Computer Science 2500
Computer Organization

Rensselaer Polytechnic Institute
Spring 2009

Lecture 19: Control Hazards and Exceptions; Memory Hierarchies and Caches
Date: Friday, April 10, 2009

Agenda

Lecture Assignment

Due at the start of class, Tuesday, April 14.

Please turn in a hard copy answer to the exercises below. We will discuss these during class, so no late submissions are accepted. Problems are reproduced here for the benefit of those working without the text. All Chapter 4 figures are available in the course shared area.
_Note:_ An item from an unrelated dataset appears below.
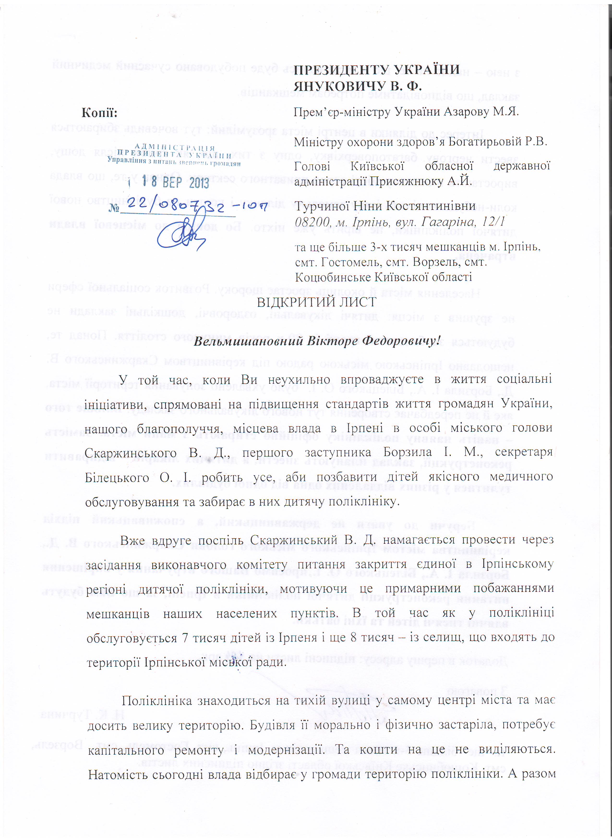 В Ирпене собираются снести единственную детскую поликлинику – люди обратились к Януковичу (ДОКУМЕНТ)
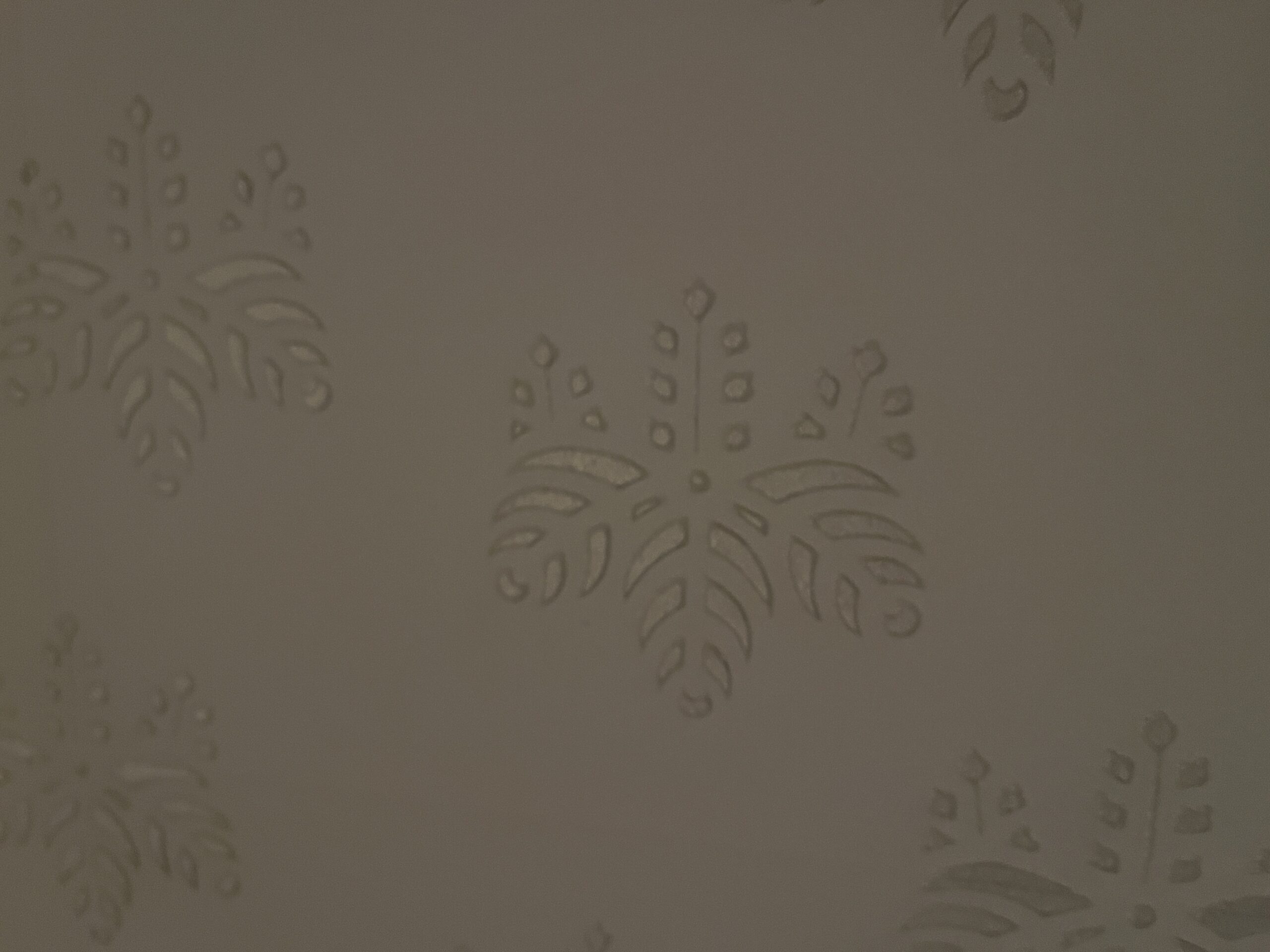 この写真は、九畳の間にある「ふすま」に貼られたふすま紙です。幾重に貼り重ねて紋章を作っているそうで、「五七桐(ごしちのきり)」の紋章です。

  1. P&H Exercise 4.25.1 and 4.25.3
    This exercise explores how exception handling affects pipeline design. The first three problems (you will only do the first and the third) refer to the following two instructions:
    a. Instruction 1: add $0, $1, $2, Instruction 2: bne $1, $2, Label
    b. Instruction 1: lw $2, 40($3), Instruction 2: nand $1, $2, $3
    4.25.1. Which exceptions can each of these instructions trigger? For each of these exceptions, specify the pipeline stage in which it is detected.
    4.25.3. If the second instruction is fetched right after the first, describe what happens in the pipeline when the first instruction causes the first exception you listed in 4.25.1. Show the pipeline execution diagram from the time the first instruction is fetched until the time the first instruction of the exception handler is completed.
  2. P&H Exercise 5.4, all parts
    Note: there is a mistake in the text's "Index" entry for the table in part b. The correct problem is below (11-5, not 11-15 as in the text).
    For a direct-mapped cache design with 32-bit addresses, the following bits of the address are used to access the cache.
    a. Tag: 31-10, Index: 9-4, Offset: 3-0
    b. Tag: 31-12, Index: 11-5, Offset: 4-0
    5.4.1. What is the cache line size (in words)?
    5.4.2. How many entries does the cache have?
    5.4.3. What is the ratio between total bits required for such a cache implementation over the data storage bits?
    Starting from power on, the following byte-addresses cache references are recorded.
    0    = 0000 0000 0000
4    = 0000 0000 0100
16   = 0000 0001 0000
132  = 0000 1000 0100
232  = 0000 1110 1000
160  = 0000 1010 0000
1024 = 0010 0000 0000
30   = 0000 0001 1110
140  = 0000 1000 1100
3100 = 0110 0001 1100
180  = 0000 1011 0100
2810 = 1010 1111 1010
    5.4.4. How many blocks are replaced?
    5.4.5. What is the hit ratio?
    5.4.6. List the final state of the cache, with each valid entry represented as a record of <index,tag,data>.